## [Data to use]
= Beginning of Section =
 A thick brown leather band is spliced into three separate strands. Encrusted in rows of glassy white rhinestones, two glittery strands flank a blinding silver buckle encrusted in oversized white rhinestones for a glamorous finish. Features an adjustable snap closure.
= End of Section =
= Beginning of Section =
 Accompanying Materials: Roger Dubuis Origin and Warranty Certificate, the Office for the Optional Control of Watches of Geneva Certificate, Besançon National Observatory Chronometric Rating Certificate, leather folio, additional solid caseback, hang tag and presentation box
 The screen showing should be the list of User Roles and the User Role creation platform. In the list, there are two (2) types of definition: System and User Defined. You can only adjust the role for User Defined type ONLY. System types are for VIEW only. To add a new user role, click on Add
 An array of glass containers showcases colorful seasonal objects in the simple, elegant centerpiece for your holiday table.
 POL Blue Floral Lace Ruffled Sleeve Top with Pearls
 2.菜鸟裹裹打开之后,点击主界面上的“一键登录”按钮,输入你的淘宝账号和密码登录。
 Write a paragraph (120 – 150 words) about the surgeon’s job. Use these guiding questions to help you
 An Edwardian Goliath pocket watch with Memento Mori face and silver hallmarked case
= End of Section =
## [What to produce]
Your answer should consist of all lines in the listing above that contain "with".

## [Response area]
 POL Blue Floral Lace Ruffled Sleeve Top with Pearls
 An Edwardian Goliath pocket watch with Memento Mori face and silver hallmarked case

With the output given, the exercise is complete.